### Supplied information

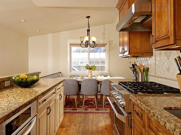 Conveniently located near all of the amenities of Willits and Whole Foods, this lovely home features a galley kitchen with reclaimed oak floors, a new 6 burner Kitchen Aid cook top purchased 6 months ago, and slab stone countertops. There are 2 master suites with ensuite baths, a lovely downstairs family room that has custom knotty alder built in cabinets with a built in 62 inch Sony flat screen TV and wet bar. Home has radiant heat floors, 2 hot water heaters, a water softener and reverse osmosis system. Yard is fully landscaped with a sprinkler system in both front and back. Right on the school bus route, this home has easy access to Crown Mountain Park and the Roaring Fork River. There is a built in doggy door to the large fenced back yard. MOVE IN READY! Garage plans in documents
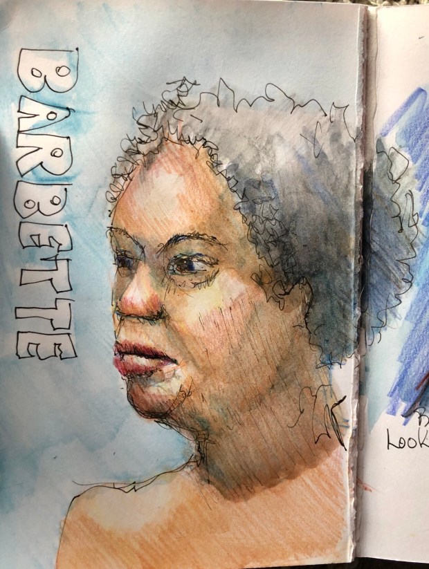 Quick ink sketch of our model Barbette #MarioARobinson Watercolor pencil @marioarobinson @aliapainter #watercolor #art #painting #artist #portrait #aquarelle #northcarolina #raleigh #marioarobinson #watercolor #painter #aquarelle #drawing #sketching nudesketch #portraits
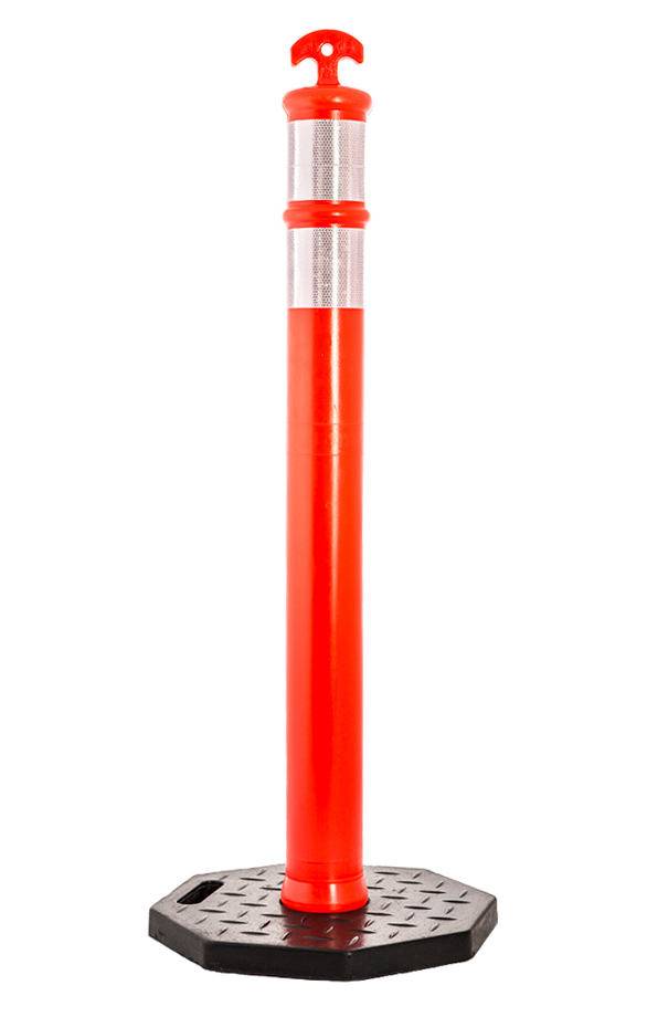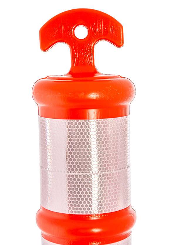 Столбик круглого сечения из красного пластика с нанесенной светоотражающей полосой белого цвета. В верхней части столба имеется крючок для переноса изделия, а также для присоединения цепи. Основа - резиновая подставка восьмигранной формы. Подставка надевается на изделие сверху и надежно фиксируется в нижней части. Подставка оснащена ручками для удобства переноса.
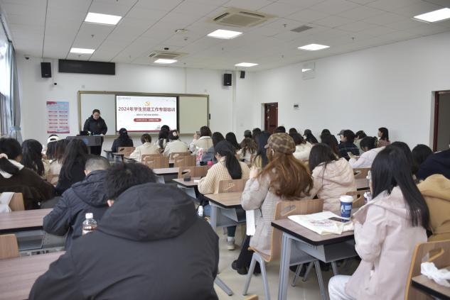 太阳成集团122ccvip一直以来高度重视发展党员工作,为进一步壮大党员队伍,让同学们熟悉入党环节,加强党员建设工作,马克思主义公司党建办于2024年11月21日上午举办了2024年员工党建工作专题培训。公司党委组织部专职组织员于荣萍老师、公司团委书记姚晟老师出席会议并展开此次大会培训,余文豪担任此次培训的主持人。

### Exercise details
Reproduce the material above in full, images excluded.

### Finished exercise
 Conveniently located near all of the amenities of Willits and Whole Foods, this lovely home features a galley kitchen with reclaimed oak floors, a new 6 burner Kitchen Aid cook top purchased 6 months ago, and slab stone countertops. There are 2 master suites with ensuite baths, a lovely downstairs family room that has custom knotty alder built in cabinets with a built in 62 inch Sony flat screen TV and wet bar. Home has radiant heat floors, 2 hot water heaters, a water softener and reverse osmosis system. Yard is fully landscaped with a sprinkler system in both front and back. Right on the school bus route, this home has easy access to Crown Mountain Park and the Roaring Fork River. There is a built in doggy door to the large fenced back yard. MOVE IN READY! Garage plans in documents
 Quick ink sketch of our model Barbette #MarioARobinson Watercolor pencil @marioarobinson @aliapainter #watercolor #art #painting #artist #portrait #aquarelle #northcarolina #raleigh #marioarobinson #watercolor #painter #aquarelle #drawing #sketching nudesketch #portraits
 Столбик круглого сечения из красного пластика с нанесенной светоотражающей полосой белого цвета. В верхней части столба имеется крючок для переноса изделия, а также для присоединения цепи. Основа - резиновая подставка восьмигранной формы. Подставка надевается на изделие сверху и надежно фиксируется в нижней части. Подставка оснащена ручками для удобства переноса.
 太阳成集团122ccvip一直以来高度重视发展党员工作,为进一步壮大党员队伍,让同学们熟悉入党环节,加强党员建设工作,马克思主义公司党建办于2024年11月21日上午举办了2024年员工党建工作专题培训。公司党委组织部专职组织员于荣萍老师、公司团委书记姚晟老师出席会议并展开此次大会培训,余文豪担任此次培训的主持人。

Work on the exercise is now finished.